YOUR GOAL.
Skipping all pictures, set down the lines of the listing from the first through the one with "2019 cartoon piggy".

DATASET SECTION.
■ ■ ■ ■ ■ ■ ■
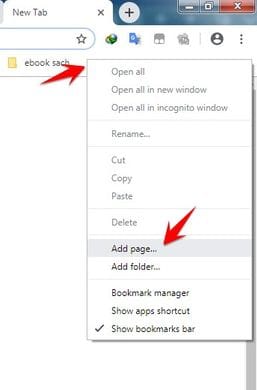 Bước 2: Click phải chuột vào thanh Bookmarks Bar chọn Add Page
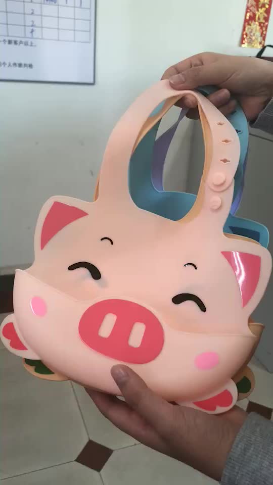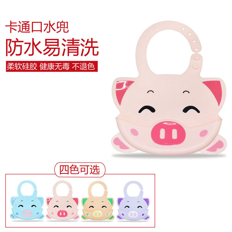 2019 cartoon piggy silicone saliva pocket food grade baby silicone bib bib baby saliva towel
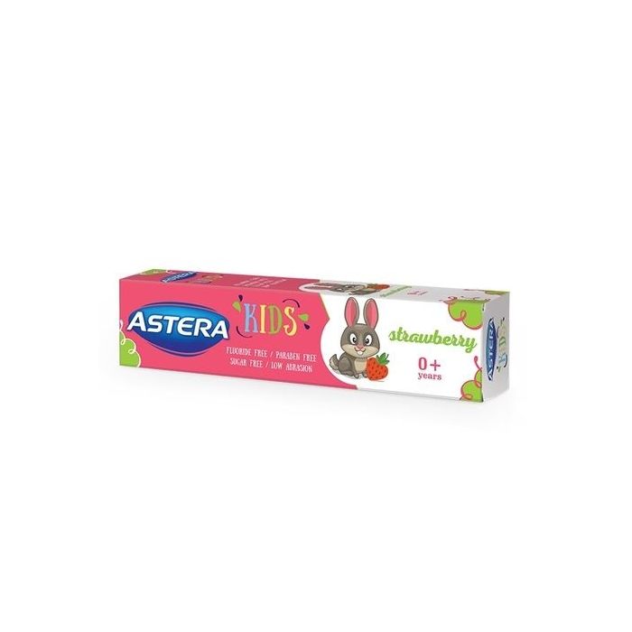 Astera Kids Strawberry Паста за зъби 0+ е паста за зъби създадена специално, за да се погрижи за първите млечни зъби на бебетата. Астера Кидс Ягода Паста за зъби 0+ спомага за бели и здрави зъбки без кариеси. Пастата почиства деликатно нежните млечни зъбки, като осигурява пълна защита от кариеси благодарение на меката си гелна формула. С примамлив вкус и аромат на ягода. Без захар. Без флуор. Лабораторно изпитана.
■ ■ ■ ■ ■ ■ ■
RESULT FOR THIS EXERCISE.
 Bước 2: Click phải chuột vào thanh Bookmarks Bar chọn Add Page
 2019 cartoon piggy silicone saliva pocket food grade baby silicone bib bib baby saliva towel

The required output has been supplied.